Test full workflows:

```python
# tests/integration/test_pipeline.py
import pytest
from pathlib import Path
from glam_extractor import ConversationParser, InstitutionExtractor, LinkMLValidator


@pytest.mark.integration
def test_full_extraction_pipeline(tmp_path):
    # Setup
    conversation_file = Path("tests/fixtures/brazilian_glam.json")
    output_file = tmp_path / "output.jsonld"

    # Execute
    parser = ConversationParser()
    conversation = parser.load(conversation_file)

    extractor = InstitutionExtractor()
    institutions = extractor.extract(conversation)

    validator = LinkMLValidator(schema="schemas/heritage_custodian.yaml")
    valid_institutions = validator.validate_batch(institutions)

    # Assert
    assert len(institutions) > 0
    assert all(inst.provenance.data_source == "CONVERSATION_NLP" for inst in institutions)
    assert len(valid_institutions) == len(institutions)
```

### Test Fixtures

Create reusable test data in `tests/fixtures/`:

```python
# tests/fixtures/sample_conversation.py
import json
from pathlib import Path


def create_sample_conversation(tmp_path: Path) -> Path:
    """Create a minimal conversation JSON for testing"""
    conversation = {
        "uuid": "test-uuid",
        "name": "Test Conversation",
        "chat_messages": [
            {
                "uuid": "msg-1",
                "text": "Amsterdam Museum (ISIL: NL-AsdAM) is located in Amsterdam.",
                "sender": "assistant",
                "content": [{"type": "text", "text": "..."}]
            }
        ]
    }

    fixture_path = tmp_path / "test_conversation.json"
    fixture_path.write_text(json.dumps(conversation, indent=2))
    return fixture_path
```

## Documentation

### API Documentation

All public functions/classes must have docstrings.
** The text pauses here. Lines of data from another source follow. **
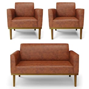 O Sofá Namoradeira e 2 Poltronas Base Madeira Castanho Maressa Sintético PU Nozes, da Ibiza é o conjunto ideal para quem busca beleza, conforto e versatilidade. Você pode usar na sua Sala De Estar, recepção ou qualquer outro ambiente que desejar.
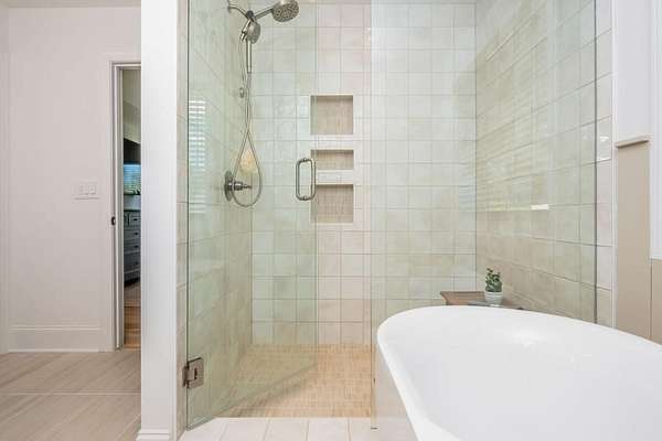 - Bookcases, Disappearing Attic Stairs, Double Vanity, Entrance Foyer, High Ceilings 10 ft Main, High Ceilings 9 ft Upper, Tray Ceiling(s), Walk-In Closet(s)
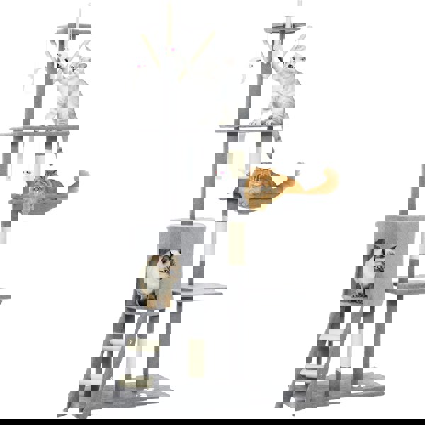 It features mouse toys for fun, sisal posts for scratching, a plush-covered house for naps and platforms for observing.
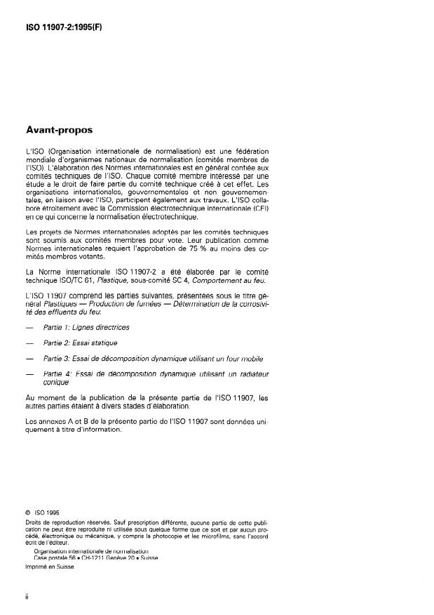 ISO 11907-2:1995 - Plastiques -- Production de fumées -- Détermination de la corrosivité des effluents du feu
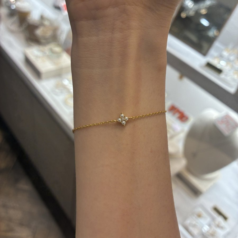 小花のように並んだパールが可憐にきらめくブレスレット。
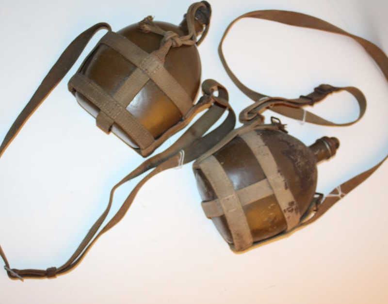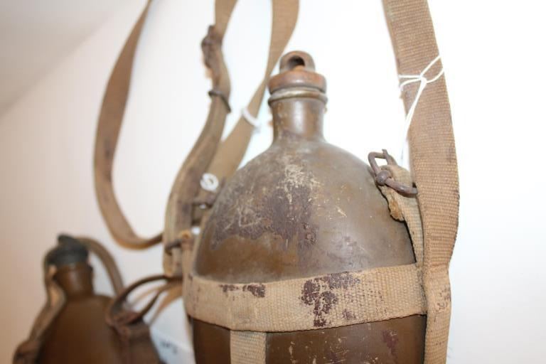 Lot 1821 Lot of 2 WW II canteens with woven shoulder straps. Est.: $75-$150.
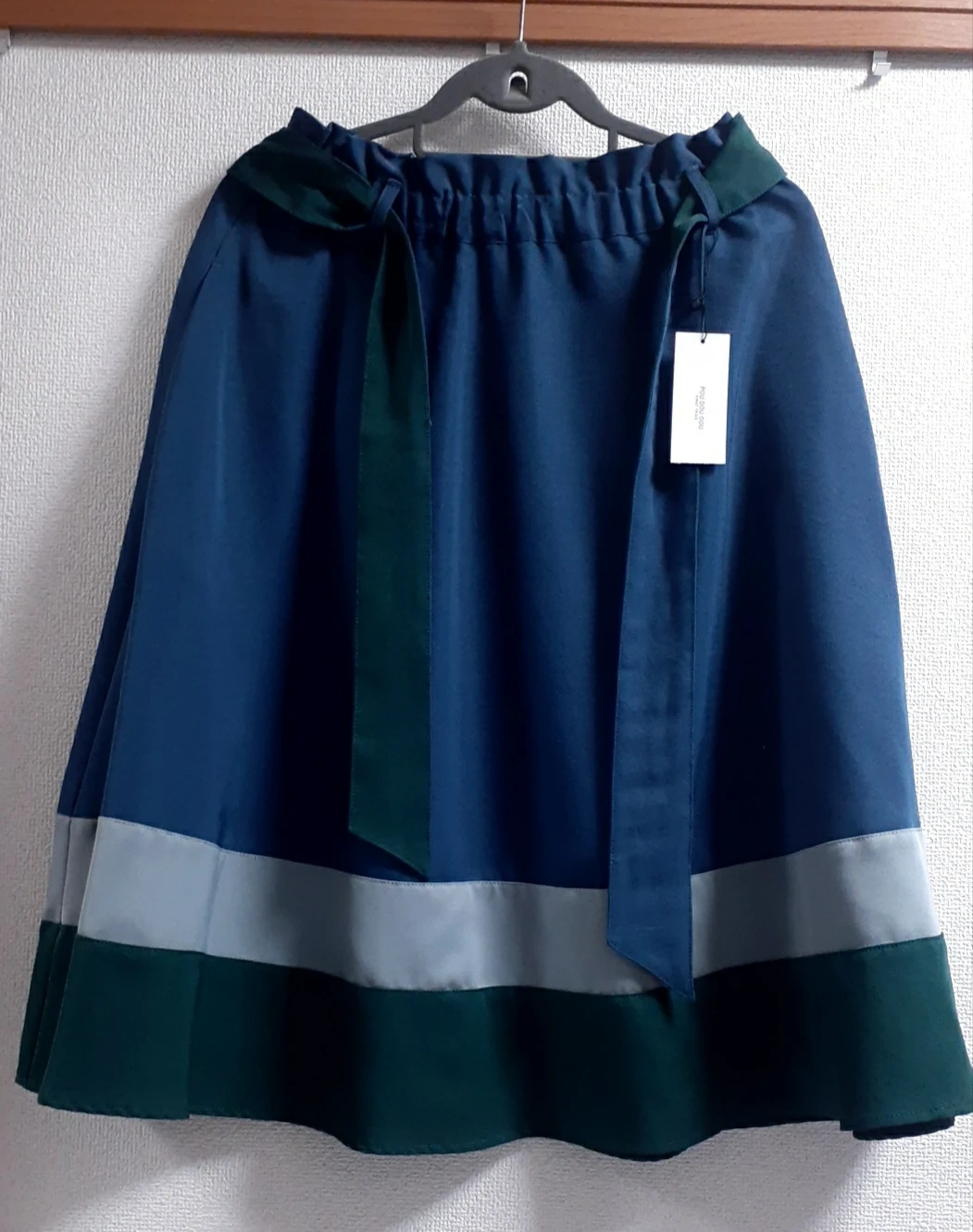 【タグ付き新品】POUDOUDOU(プードゥドゥ)のスカートです。 ・品名:ソフトギャバジン裾配色フレアSK ・サイズ:M ・素材:ポリエステル100% ・色:青、緑、グレー 2018年購入 当時大体5000円程度だったかと思います。 両ポケットありで使い勝手良く、でも配色切り替えとリボンベルトが可愛いスカートです。 丈は素人採寸で64cmくらいです。 試着した程度でタグ付き新品ですが、素人保管の中古品であることをご了承ください。 価格交渉応じます🙆🏻 質問でもなんでもお声がけ下さい。
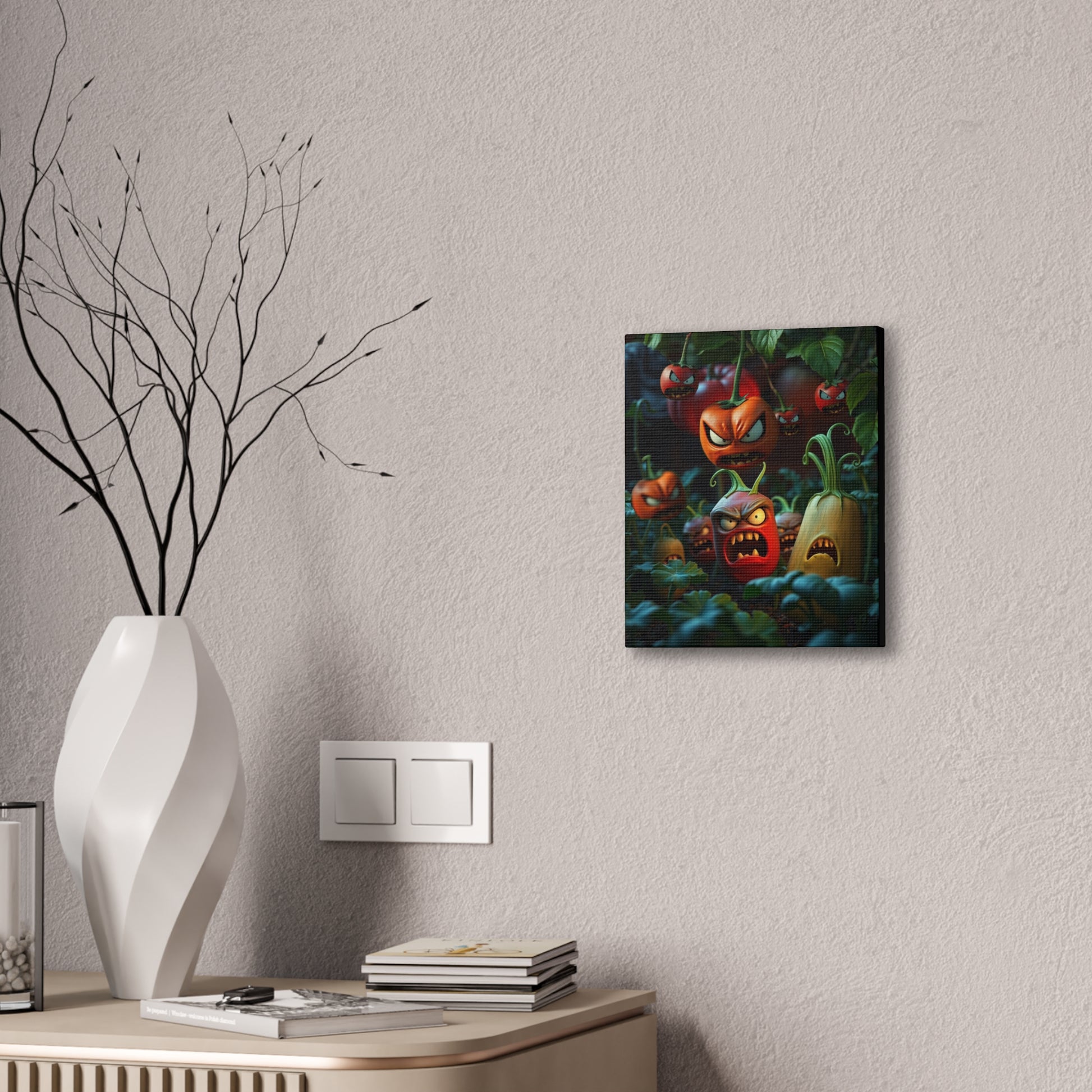 When veggies stay on the vine to long is a fun whimsical piece of art to add to your collection. It will definitely spark conversation and a laugh.

We use mkdocstrings to auto-generate API docs.

```bash
# Serve docs locally
poetry run mkdocs serve

# Build static docs
poetry run mkdocs build
```

### Tutorials

Add tutorials to `docs/tutorials/` with step-by-step examples.

### Examples

Add working code examples to `docs/examples/`.

## Areas for Contribution

### High Priority

1. **Parser Implementation** (`src/glam_extractor/parsers/`)
   - Conversation JSON parser
   - CSV parser for Dutch datasets
   - Schema-compliant object builders

2. **Extractor Implementation** (`src/glam_extractor/extractors/`)
   - spaCy NER integration
   - Institution type classifier
   - Identifier pattern extractors

3. **Validator Implementation** (`src/glam_extractor/validators/`)
   - LinkML schema validator
   - Cross-reference validator

4. **Exporter Implementation** (`src/glam_extractor/exporters/`)
   - JSON-LD exporter
   - RDF/Turtle exporter
   - CSV/Parquet exporters

### Medium Priority

5. **Geocoding Module** (`src/glam_extractor/geocoding/`)
   - Nominatim client
   - GeoNames integration
   - Caching layer

6. **Web Crawler** (`src/glam_extractor/crawlers/`)
   - crawl4ai integration
   - Institution website scraping

### Lower Priority

7. **CLI Enhancements** (`src/glam_extractor/cli.py`)
   - Progress bars
   - Better error reporting
   - Configuration file support

8. **Performance Optimization**
   - Parallel processing
   - Caching strategies
   - Memory optimization

## Design Patterns

Follow the patterns documented in `docs/plan/global_glam/05-design-patterns.md`:

- **Pipeline Pattern**: For data processing workflows
- **Repository Pattern**: For data access
- **Strategy Pattern**: For configurable algorithms
- **Builder Pattern**: For complex object construction
- **Result Pattern**: For explicit error handling

## Questions?

- Check existing documentation in `docs/`
- Read `AGENTS.md` for AI agent instructions
- Review planning docs in `docs/plan/global_glam/`
- Open an issue on GitHub

## License

By contributing, you agree that your contributions will be licensed under the MIT License.